** Dataset excerpts follows **

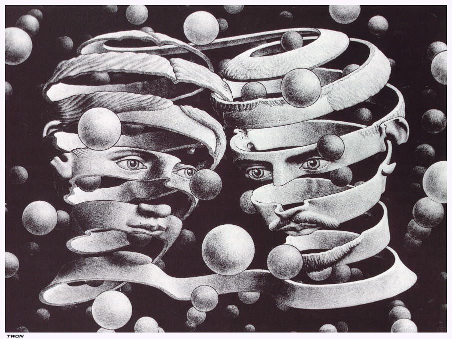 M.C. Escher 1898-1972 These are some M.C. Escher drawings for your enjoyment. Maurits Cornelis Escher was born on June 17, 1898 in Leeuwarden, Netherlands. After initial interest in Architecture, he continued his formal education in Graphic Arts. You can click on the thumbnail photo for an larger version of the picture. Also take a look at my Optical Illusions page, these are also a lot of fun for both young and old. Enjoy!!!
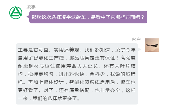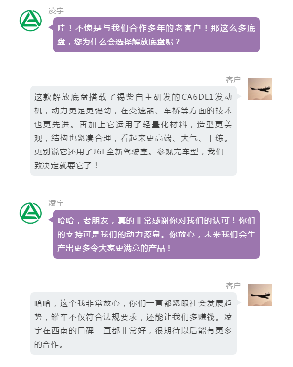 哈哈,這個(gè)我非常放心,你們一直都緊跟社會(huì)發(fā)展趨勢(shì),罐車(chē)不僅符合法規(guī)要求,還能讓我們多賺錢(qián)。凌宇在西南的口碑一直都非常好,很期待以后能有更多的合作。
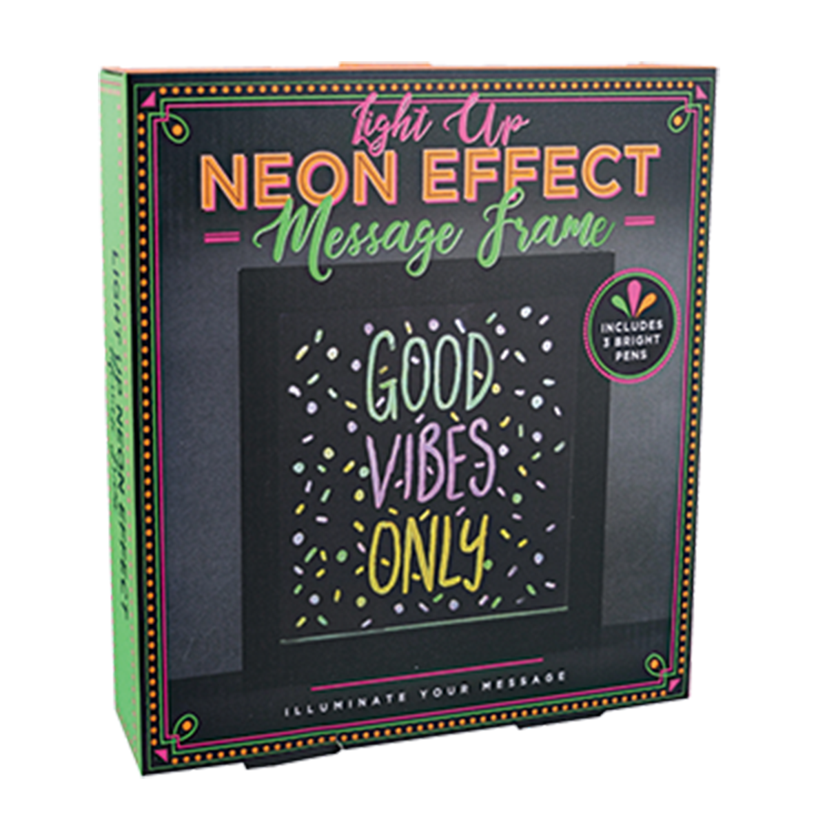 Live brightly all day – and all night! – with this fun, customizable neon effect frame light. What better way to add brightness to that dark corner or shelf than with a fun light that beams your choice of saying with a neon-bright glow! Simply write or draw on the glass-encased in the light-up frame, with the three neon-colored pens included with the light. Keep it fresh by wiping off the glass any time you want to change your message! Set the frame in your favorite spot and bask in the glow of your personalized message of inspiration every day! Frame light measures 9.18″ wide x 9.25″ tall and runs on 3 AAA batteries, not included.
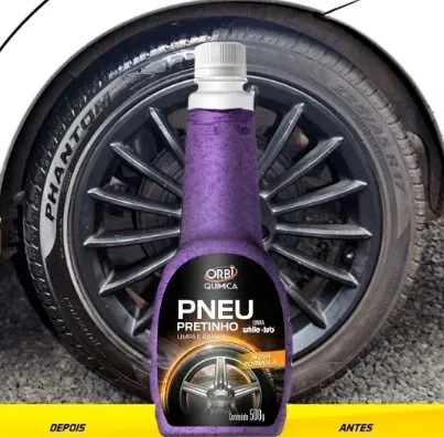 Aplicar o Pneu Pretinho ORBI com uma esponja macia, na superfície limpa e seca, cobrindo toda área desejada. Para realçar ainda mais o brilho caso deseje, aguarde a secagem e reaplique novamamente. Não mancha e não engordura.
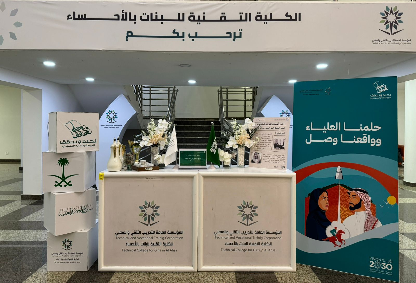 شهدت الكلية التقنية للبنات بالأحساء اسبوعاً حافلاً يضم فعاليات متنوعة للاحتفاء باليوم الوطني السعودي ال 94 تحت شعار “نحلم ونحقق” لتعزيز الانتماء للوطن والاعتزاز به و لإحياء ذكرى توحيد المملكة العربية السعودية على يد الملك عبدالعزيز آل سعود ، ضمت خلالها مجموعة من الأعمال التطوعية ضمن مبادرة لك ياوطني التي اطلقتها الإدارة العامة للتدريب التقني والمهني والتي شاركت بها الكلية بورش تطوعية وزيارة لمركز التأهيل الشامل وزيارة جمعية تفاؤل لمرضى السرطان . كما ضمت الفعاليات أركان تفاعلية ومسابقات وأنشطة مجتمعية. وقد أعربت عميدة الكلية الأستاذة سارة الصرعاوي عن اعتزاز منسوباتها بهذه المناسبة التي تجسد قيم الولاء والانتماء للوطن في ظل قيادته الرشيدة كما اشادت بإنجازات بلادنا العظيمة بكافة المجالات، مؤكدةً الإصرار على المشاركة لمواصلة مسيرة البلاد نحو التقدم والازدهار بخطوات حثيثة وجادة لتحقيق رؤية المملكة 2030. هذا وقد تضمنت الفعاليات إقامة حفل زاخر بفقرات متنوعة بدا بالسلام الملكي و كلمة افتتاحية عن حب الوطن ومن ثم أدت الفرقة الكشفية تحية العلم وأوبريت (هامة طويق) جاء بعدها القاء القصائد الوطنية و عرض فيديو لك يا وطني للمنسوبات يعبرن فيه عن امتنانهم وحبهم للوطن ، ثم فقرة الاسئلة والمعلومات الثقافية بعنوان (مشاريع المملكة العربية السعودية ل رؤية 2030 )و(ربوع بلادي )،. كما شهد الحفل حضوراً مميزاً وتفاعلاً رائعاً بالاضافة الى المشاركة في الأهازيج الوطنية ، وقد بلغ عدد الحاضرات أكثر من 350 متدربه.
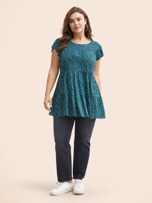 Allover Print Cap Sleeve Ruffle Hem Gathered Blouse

** End of Dataset excerpts **
** Dataset excerpts follows **

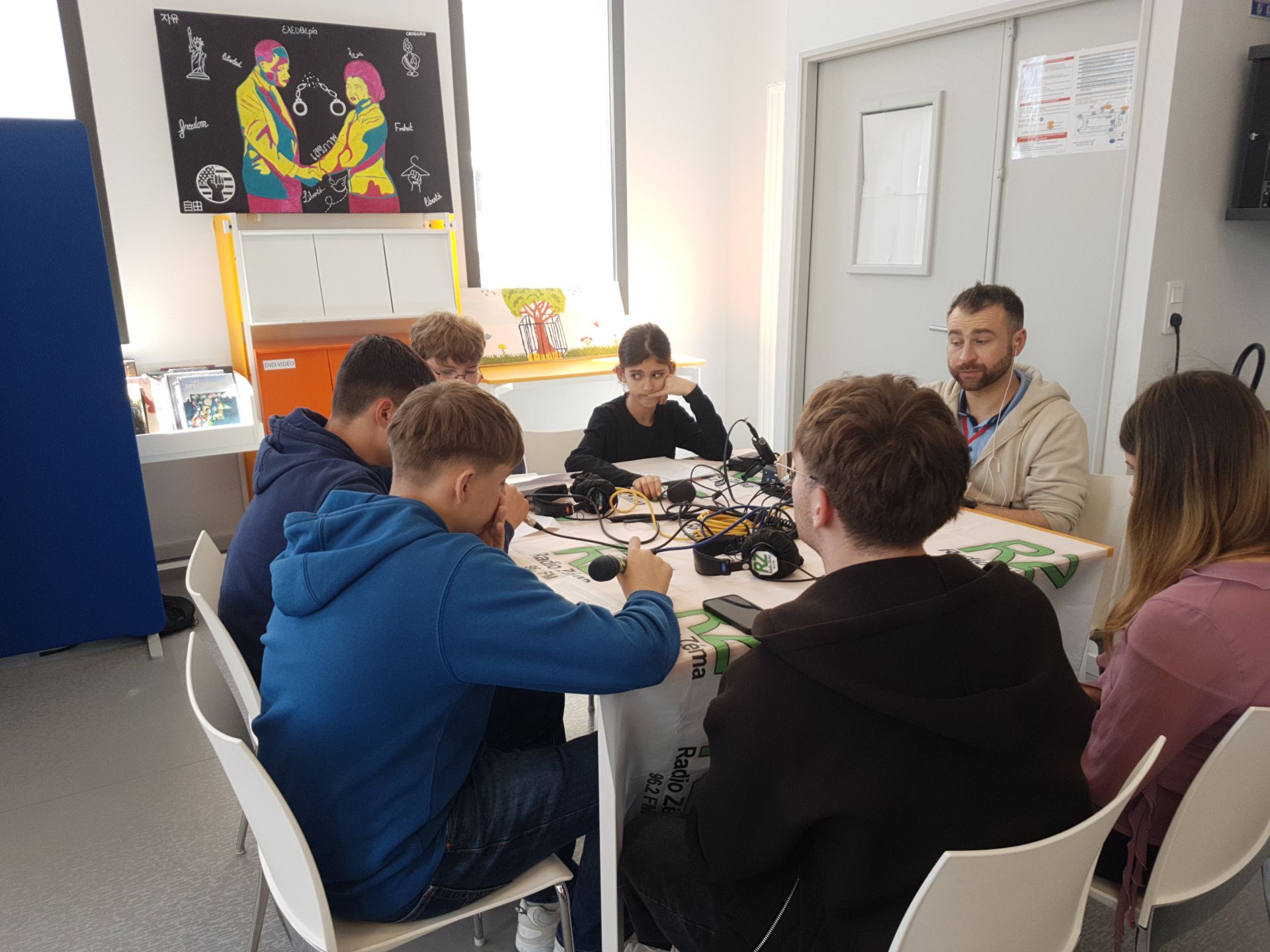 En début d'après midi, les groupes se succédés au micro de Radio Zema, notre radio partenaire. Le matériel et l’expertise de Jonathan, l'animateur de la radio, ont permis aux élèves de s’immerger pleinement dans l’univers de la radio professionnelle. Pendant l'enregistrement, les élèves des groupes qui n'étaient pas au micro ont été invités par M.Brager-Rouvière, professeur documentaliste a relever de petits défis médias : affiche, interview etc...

** End of Dataset excerpts **

The material above holds pictures; leave them out and set down exactly the lines from the line with "M.C. Escher 1898-1972" to the line with "Live brightly all", both included.

 M.C. Escher 1898-1972 These are some M.C. Escher drawings for your enjoyment. Maurits Cornelis Escher was born on June 17, 1898 in Leeuwarden, Netherlands. After initial interest in Architecture, he continued his formal education in Graphic Arts. You can click on the thumbnail photo for an larger version of the picture. Also take a look at my Optical Illusions page, these are also a lot of fun for both young and old. Enjoy!!!
 哈哈,這個(gè)我非常放心,你們一直都緊跟社會(huì)發(fā)展趨勢(shì),罐車(chē)不僅符合法規(guī)要求,還能讓我們多賺錢(qián)。凌宇在西南的口碑一直都非常好,很期待以后能有更多的合作。
 Live brightly all day – and all night! – with this fun, customizable neon effect frame light. What better way to add brightness to that dark corner or shelf than with a fun light that beams your choice of saying with a neon-bright glow! Simply write or draw on the glass-encased in the light-up frame, with the three neon-colored pens included with the light. Keep it fresh by wiping off the glass any time you want to change your message! Set the frame in your favorite spot and bask in the glow of your personalized message of inspiration every day! Frame light measures 9.18″ wide x 9.25″ tall and runs on 3 AAA batteries, not included.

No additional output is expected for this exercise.